Information supplied: Begin
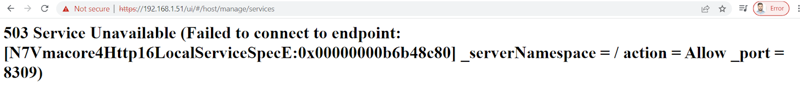 [VMWARE] Khắc phục lỗi 503 Service Unavailable Failed to connect to endpoint
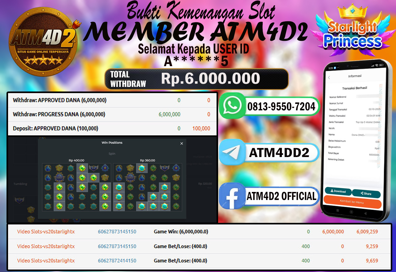ATM4D2 dikenal sebagai situs terpercaya yang selalu menghadirkan pengalaman bermain slot online yang aman, fair, dan berlisensi resmi. Di sini, kami tidak hanya sekadar memberikan janji, tapi bukti nyata berupa slip kemenangan yang dapat Anda lihat secara langsung.
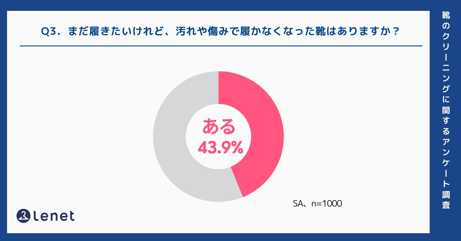 「まだ履きたいが、汚れや傷みで履けなくなった靴がある」人は43.9%
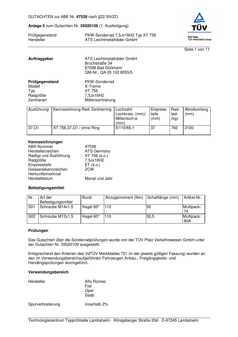 Dieses Gutachten (abe) bezieht sich auf die Alufelge ATS XT 756 in der Ausführung 7.5Jx16 ET 0, Mittenloch 0 mm (KBA 47538). Im PDF findest du typischerweise zulässige Reifengrößen, Auflagen/Anbauhinweise und – je nach Dokument – Hinweise zur Eintragung.
Information supplied: End
Instructions to follow
Reproduce the listing word for word. Do not carry over the pictures.

Response
 [VMWARE] Khắc phục lỗi 503 Service Unavailable Failed to connect to endpoint
ATM4D2 dikenal sebagai situs terpercaya yang selalu menghadirkan pengalaman bermain slot online yang aman, fair, dan berlisensi resmi. Di sini, kami tidak hanya sekadar memberikan janji, tapi bukti nyata berupa slip kemenangan yang dapat Anda lihat secara langsung.
 「まだ履きたいが、汚れや傷みで履けなくなった靴がある」人は43.9%
 Dieses Gutachten (abe) bezieht sich auf die Alufelge ATS XT 756 in der Ausführung 7.5Jx16 ET 0, Mittenloch 0 mm (KBA 47538). Im PDF findest du typischerweise zulässige Reifengrößen, Auflagen/Anbauhinweise und – je nach Dokument – Hinweise zur Eintragung.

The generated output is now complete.